Prior to the current financial crisis in Dubai, sukuk issuance had started to revive following two difficult years since the August 2007 peak. New issuance for the year to November 2009 exceeded $17.5 billion with 69 separate offerings. Confidence was demonstrated by the announcement on November 19 by General Electric that it was to raise $500 million through a five-year sukuk–the first Western industrial company to raise such financing.
Liquidity. There are many varieties of sukuk, some–such as the short-term sukuk issued by the Government of Bahrain–being a substitute for treasury bills with a three-month maturity. Such sukuk are attractive for Islamic banks to hold, as they cannot hold conventional treasury bills paying interest, and the alternative of holding cash means they receive no return. Bahrain’s regular sukuk bill issuance continued throughout the credit crisis, but the amounts raised are modest–$40 million on average.
Still profitable. Although Islamic capital market activity was negatively affected by the global financial crisis, the impact on Islamic banks has been limited, largely because most are focused on retail business:
–Dubai Islamic Bank, for example, has reported a decline in third quarter earnings for 2009 of 33% compared to the same quarter of 2008, but this was 8% above market expectations.
–Trade financing through murabaha–in which a bank buys a good on behalf of a buyer, and sells it on to them in installments at a marked-up cost–has remained buoyant, as has personal financing for vehicles and household goods.
Real estate has been the most troublesome, with mortgage lending reduced. In many instances, the value of property has fallen below the amount of credit outstanding. This only becomes an issue in the case of defaults and the bank acquiring the property, which has rarely arisen in the case of Dubai Islamic Bank, or indeed Al Rajhi Bank in Saudi Arabia or Kuwait Finance House. As Islamic banks in the GCC had more conservative housing finance policies than their conventional competitors, they have been less affected by the fall in real estate prices.
Takaful insurance.
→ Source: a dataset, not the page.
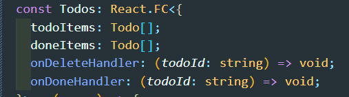 1) 매개변수: Todos를 사용하는 App.tsx에서 전달해주는 변수 및 함수들

One sector which has continued to expand throughout the crisis is takaful insurance based on the principle of mutual risk sharing rather than risk transfer:
–Dubai Islamic Bank has developed Al Islami Takaful products, which it has cross-sold to its clients since May.
–Savings plans are offered with either regular or lump sum contributions made to an endowment fund from which family members can receive compensation in the event of the death of the policyholder.
–If the policyholder lives to the maturity of the policy, they receive a substantial lump sum plus a terminal bonus.
Outlook. Most sukuk issuance is concentrated in Malaysia, which is not likely to be directly affected by the Dubai crisis. Moreover, if the Dubai case is tested in the courts, this could clarify the legal position of sukuk investors with regard to their rights to the underlying assets backing the issuance. Although this may be painful for Dubai World subsidiary Nakheel in the short run, a court ruling in favor of investors would increase confidence in sukuk in the longer term. Overall, the global Islamic finance industry seems well positioned for recovery in the longer term with further sukuk issuance, a widening of products to include takaful and the continuing buoyancy of Islamic retail banking.